Educational and feedback strategies used to improve patient experience are very resource intensive. Training sessions provided at some hospitals may take hours, and sustained effects are unproved. The presence of an independent observer in patient rooms to generate feedback for providers is not scalable and sustainable outside of a research study environment.9-11,15,17,26-29 We attempted to use physician repeated self-reporting to reinforce the important and easy to adopt components of etiquette-based behavior to develop a more easily sustainable strategy. This may have failed for several reasons.

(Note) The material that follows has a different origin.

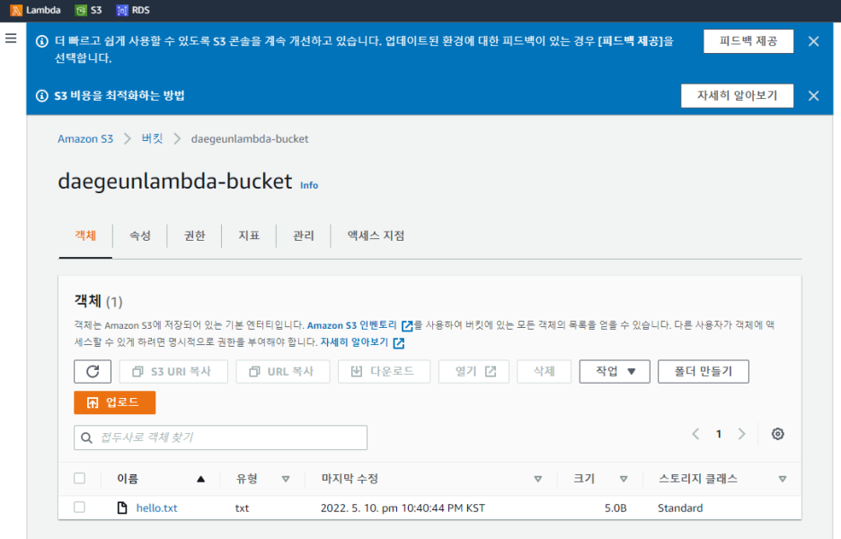 다음 텍스트 파일을 만드신 버킷에 업로드를 시켜줍니다.

When combining “always” and “usually” responses, the physicians in our study reported a high level of etiquette behavior at baseline. If physicians believe that they are performing well at baseline, they would not consider this to be an area in need of improvement. Bigger changes in behavior may have been possible had the physicians rated themselves less favorably at baseline. Inflated or high baseline self-assessment of performance might also have led to limited success of other types of educational interventions had they been employed.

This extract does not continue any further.